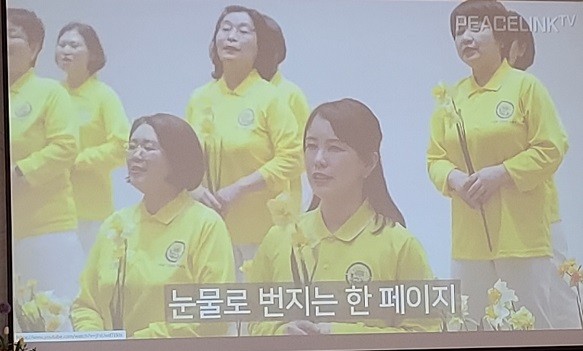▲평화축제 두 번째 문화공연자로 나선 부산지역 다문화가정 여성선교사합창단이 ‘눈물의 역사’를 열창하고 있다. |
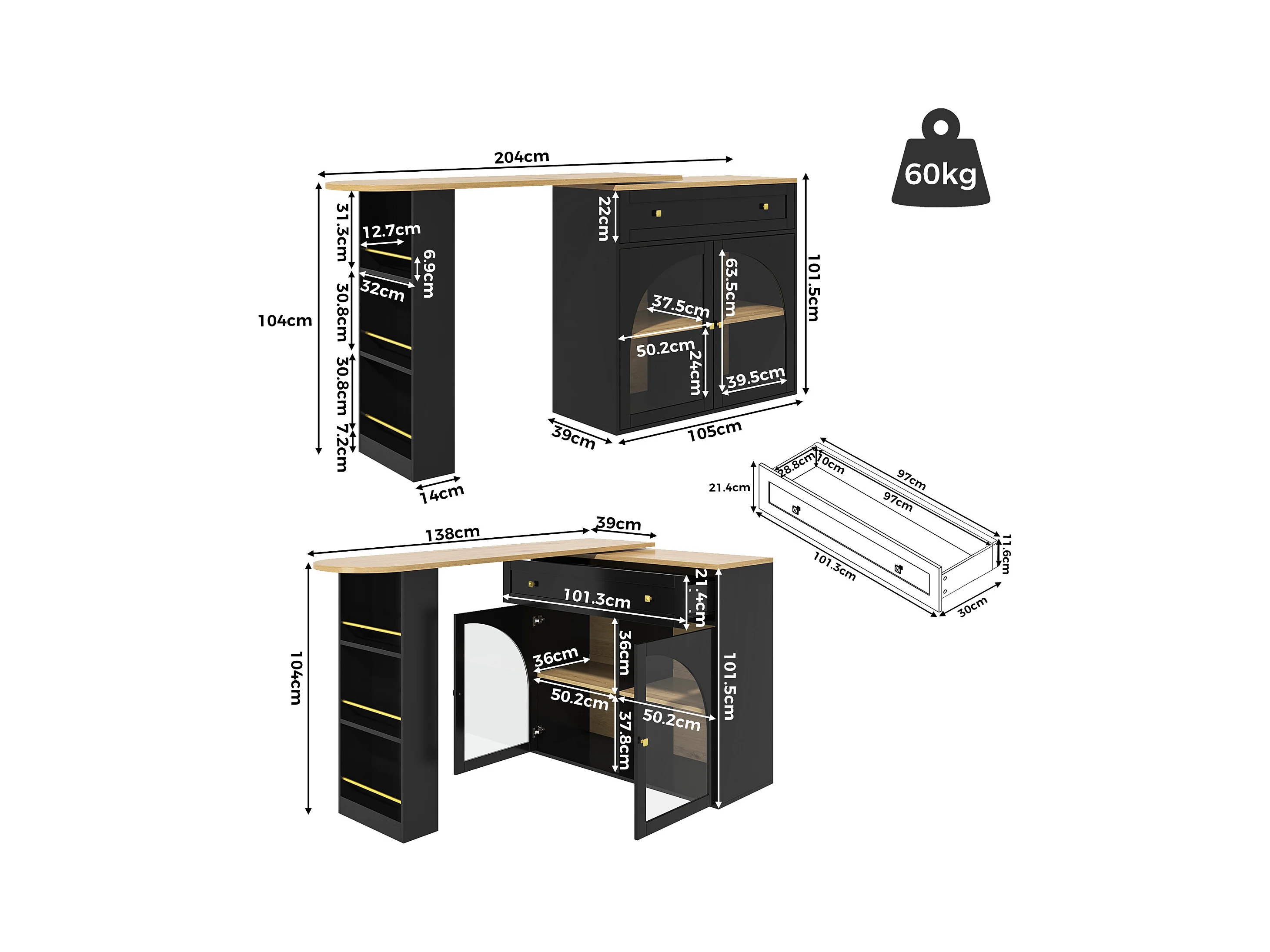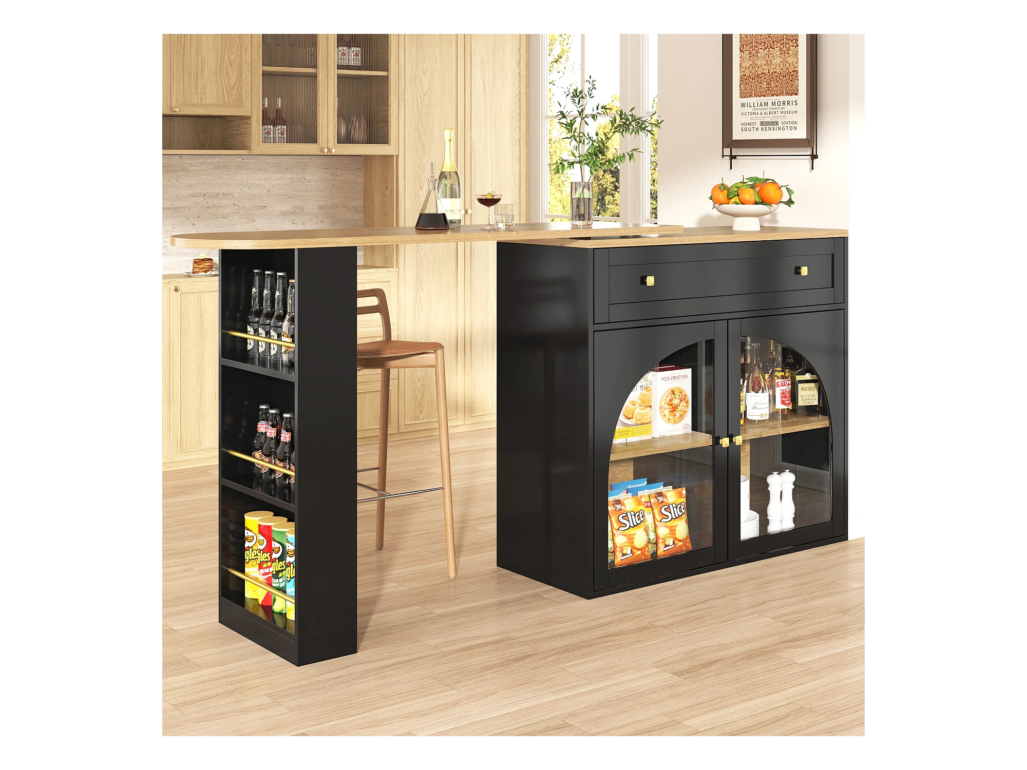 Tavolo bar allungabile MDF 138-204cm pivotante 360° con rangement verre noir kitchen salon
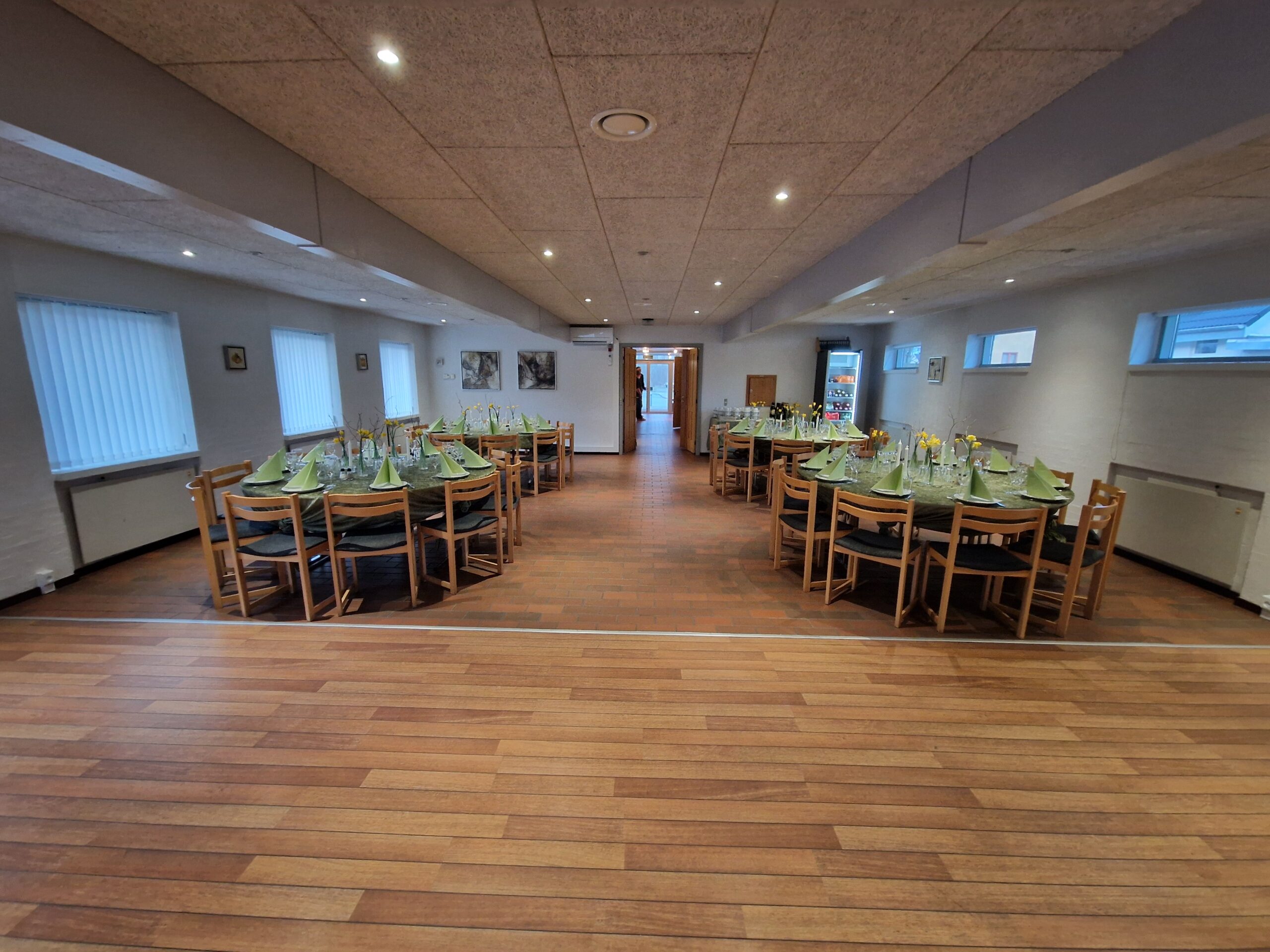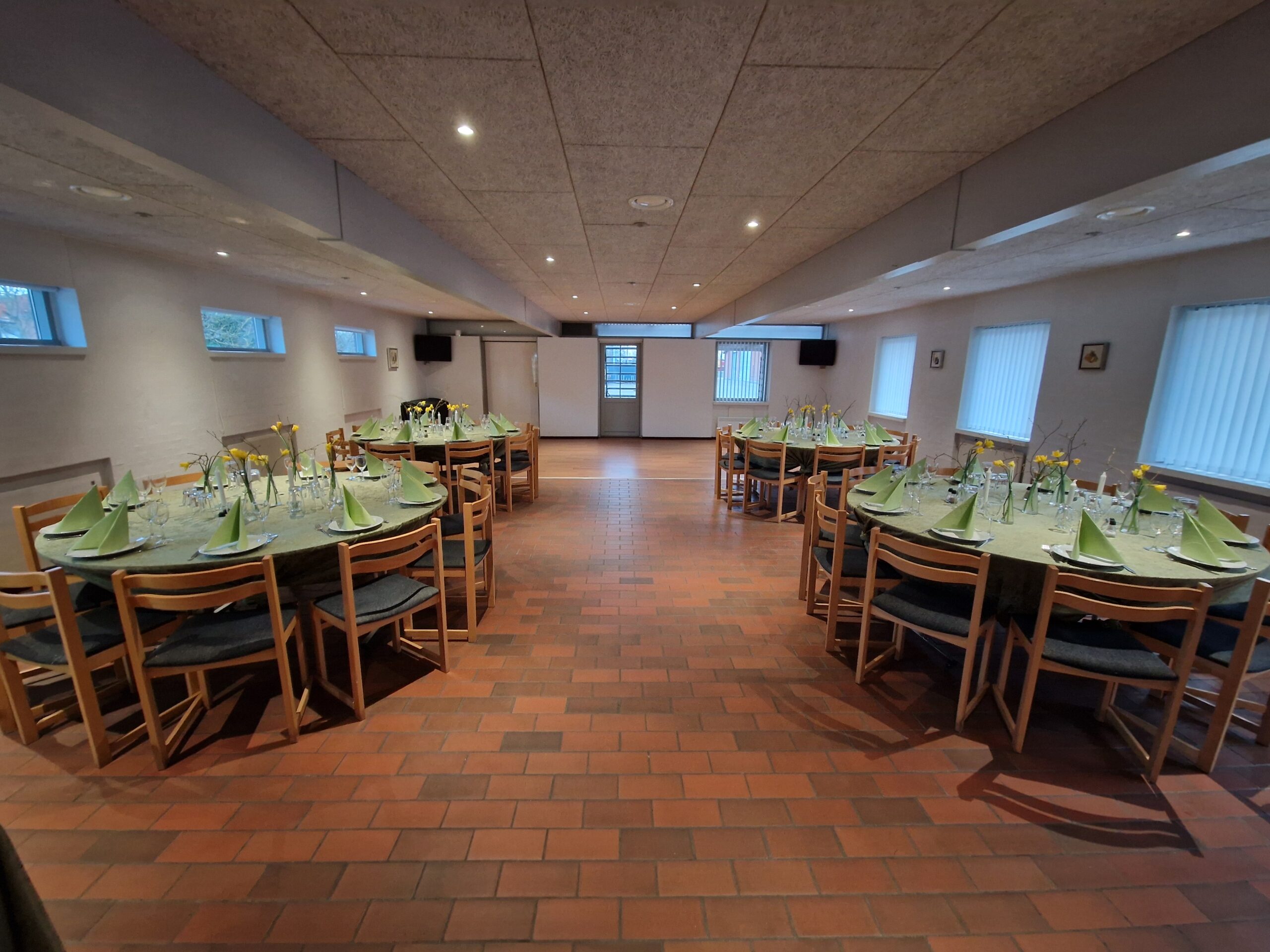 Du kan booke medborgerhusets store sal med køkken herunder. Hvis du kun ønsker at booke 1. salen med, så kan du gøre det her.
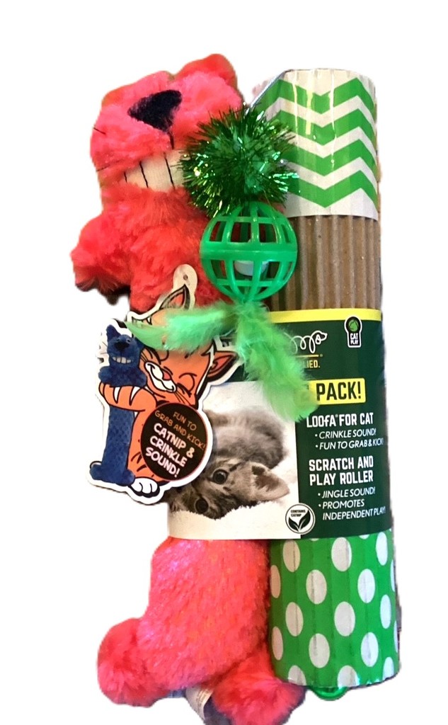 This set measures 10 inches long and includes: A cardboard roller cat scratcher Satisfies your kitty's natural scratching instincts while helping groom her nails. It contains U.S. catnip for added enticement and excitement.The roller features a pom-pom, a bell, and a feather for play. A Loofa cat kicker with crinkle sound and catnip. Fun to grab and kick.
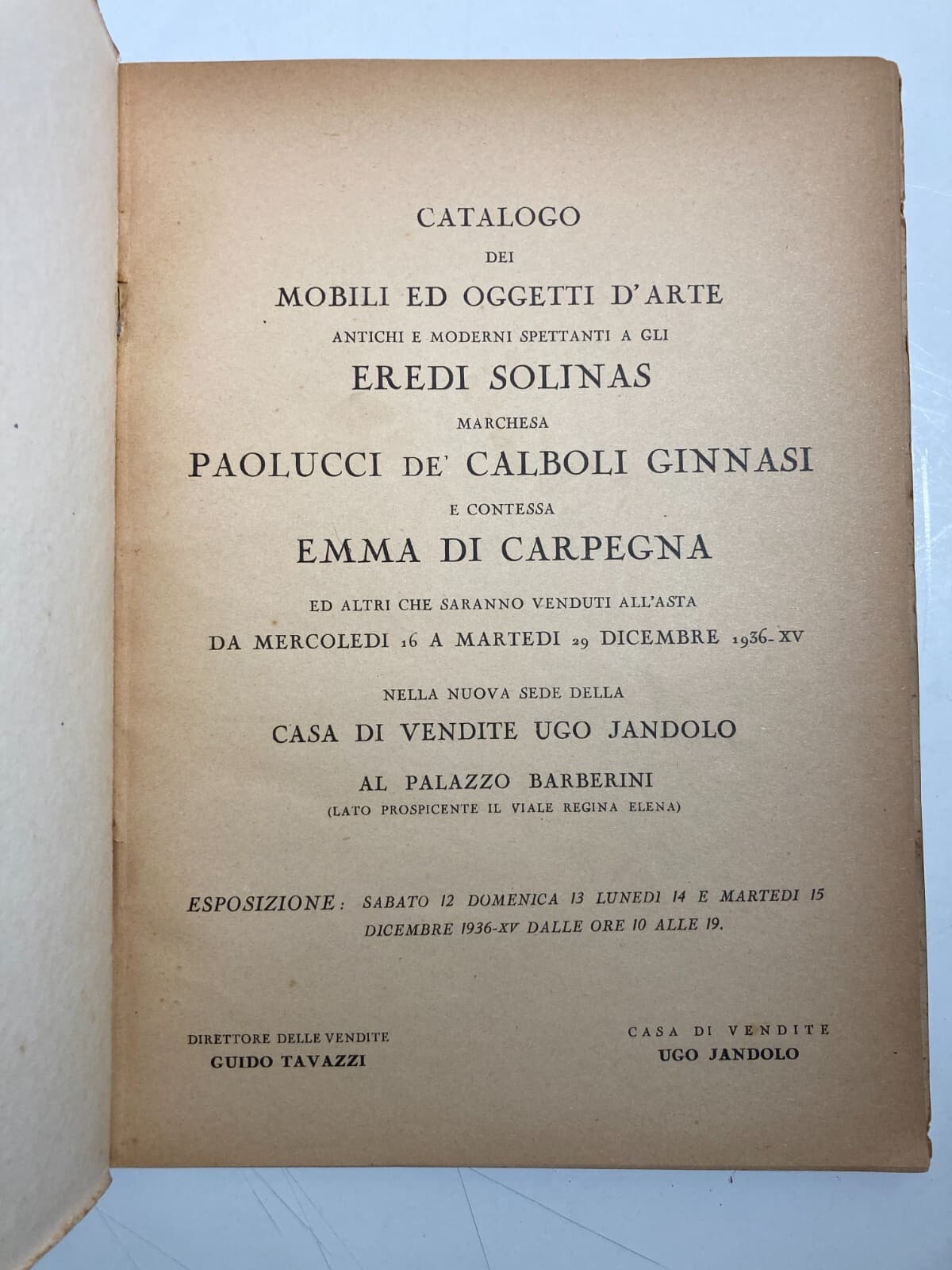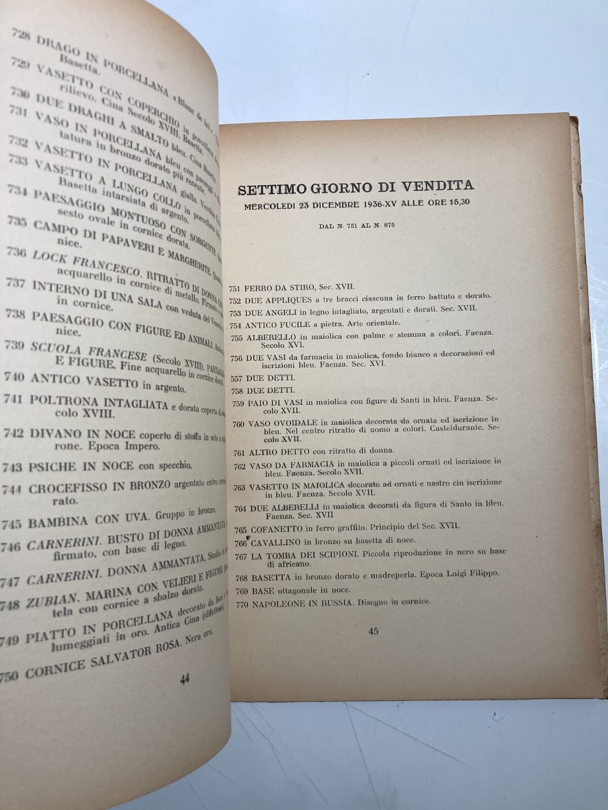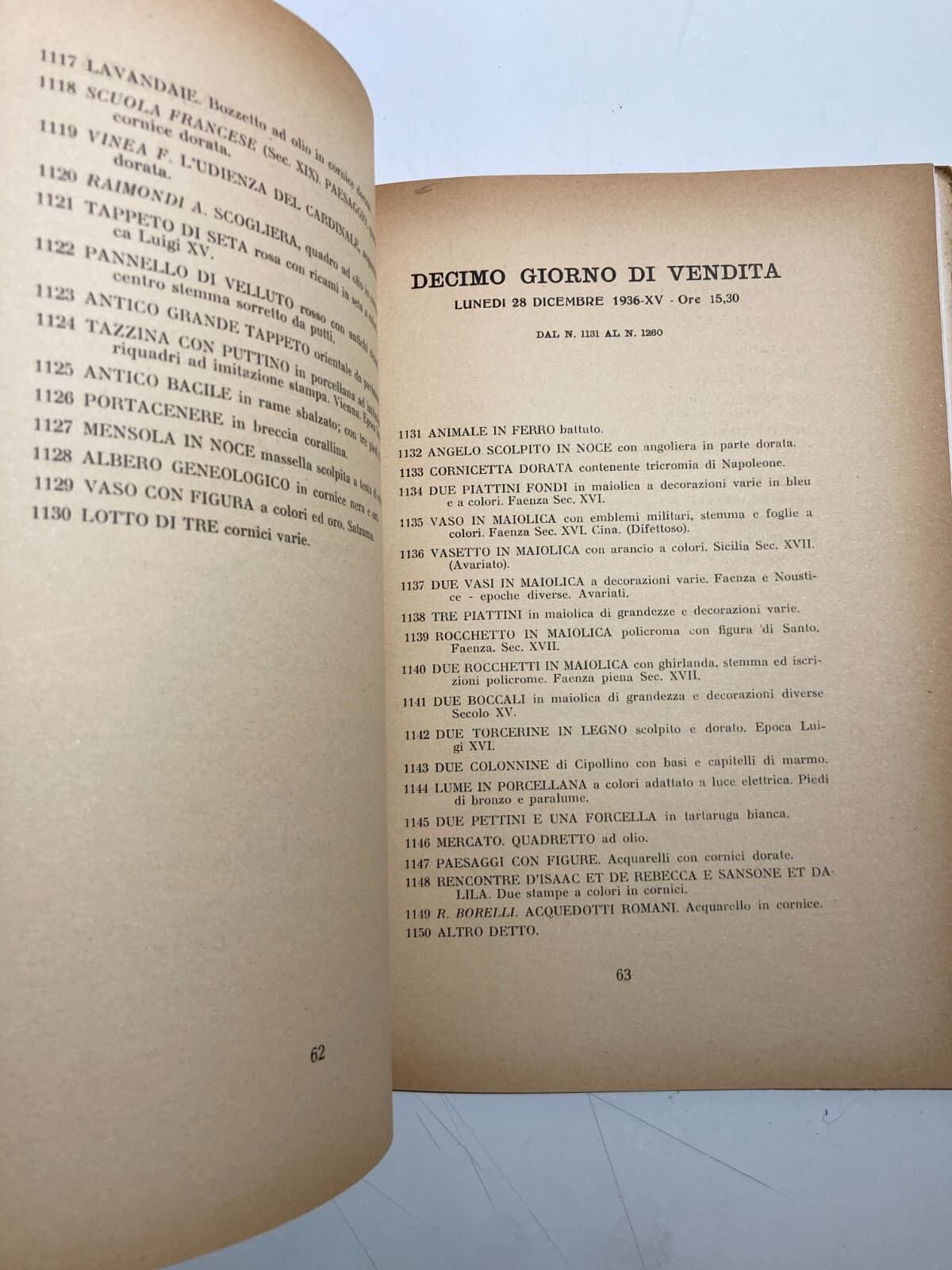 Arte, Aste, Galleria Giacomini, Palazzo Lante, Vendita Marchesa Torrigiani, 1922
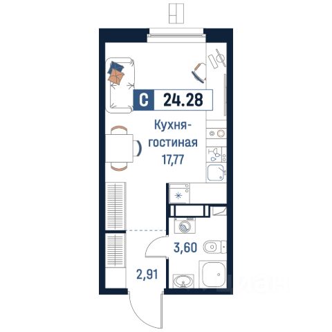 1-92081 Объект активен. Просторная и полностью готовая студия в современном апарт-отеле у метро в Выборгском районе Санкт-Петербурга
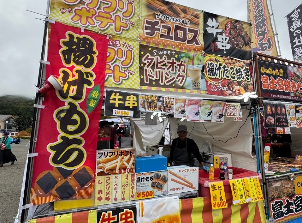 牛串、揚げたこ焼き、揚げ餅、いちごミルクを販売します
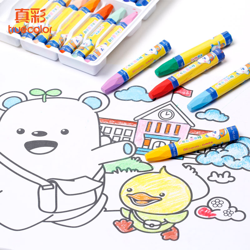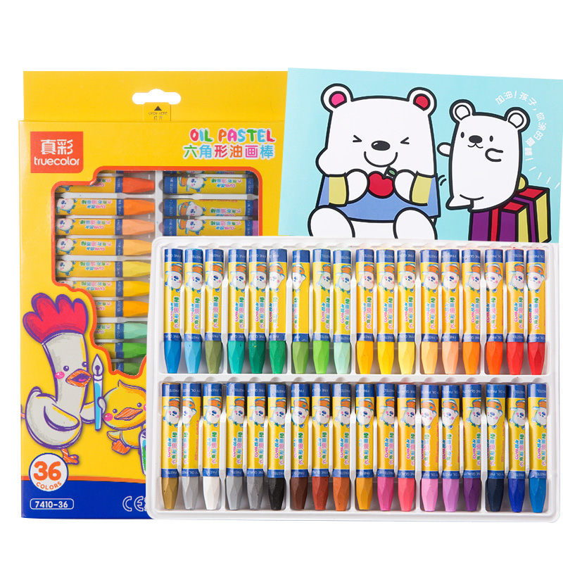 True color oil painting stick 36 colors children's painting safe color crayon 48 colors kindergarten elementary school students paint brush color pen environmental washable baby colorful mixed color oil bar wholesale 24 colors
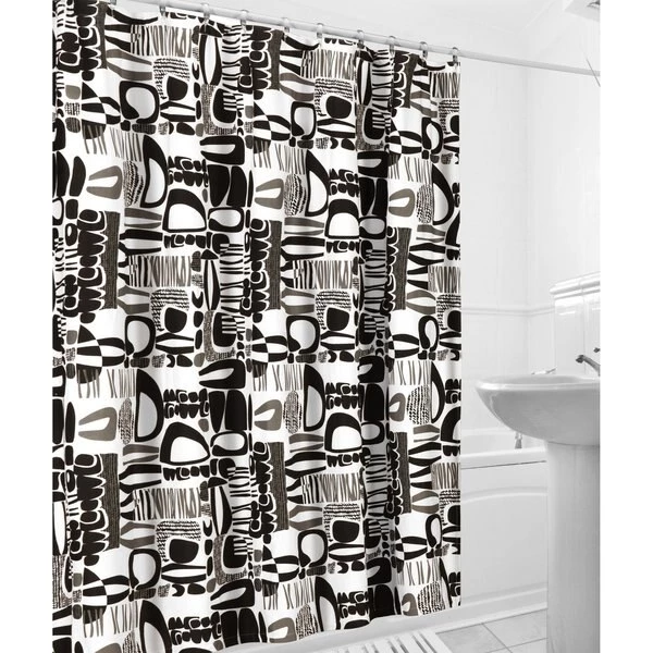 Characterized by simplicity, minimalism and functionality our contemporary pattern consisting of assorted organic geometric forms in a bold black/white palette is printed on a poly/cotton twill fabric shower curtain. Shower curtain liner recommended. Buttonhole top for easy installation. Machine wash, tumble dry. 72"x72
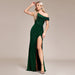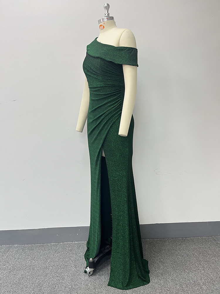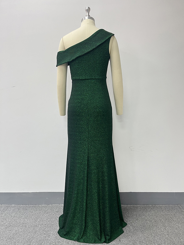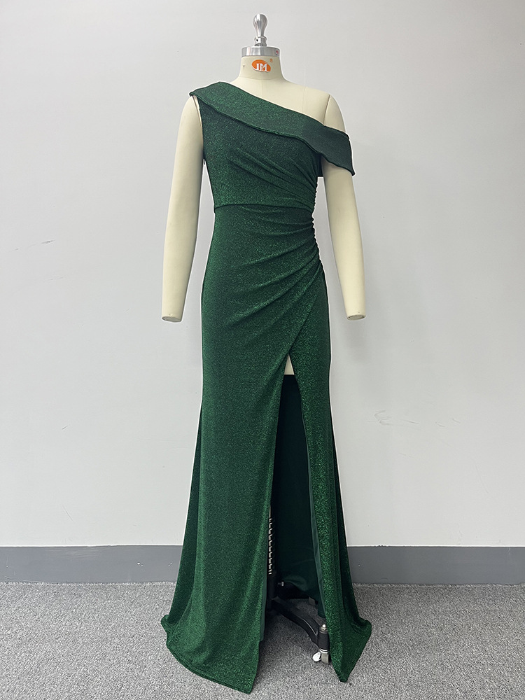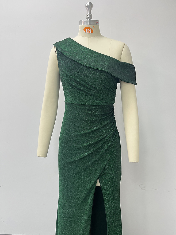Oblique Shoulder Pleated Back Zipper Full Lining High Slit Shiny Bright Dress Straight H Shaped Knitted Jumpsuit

▶ _Assigned task_
Up to and including the line that contains "Du kan booke", print the records above exactly from their first line, without any pictures.

▶ _Output for this exercise_
▲평화축제 두 번째 문화공연자로 나선 부산지역 다문화가정 여성선교사합창단이 ‘눈물의 역사’를 열창하고 있다. |
 Tavolo bar allungabile MDF 138-204cm pivotante 360° con rangement verre noir kitchen salon
 Du kan booke medborgerhusets store sal med køkken herunder. Hvis du kun ønsker at booke 1. salen med, så kan du gøre det her.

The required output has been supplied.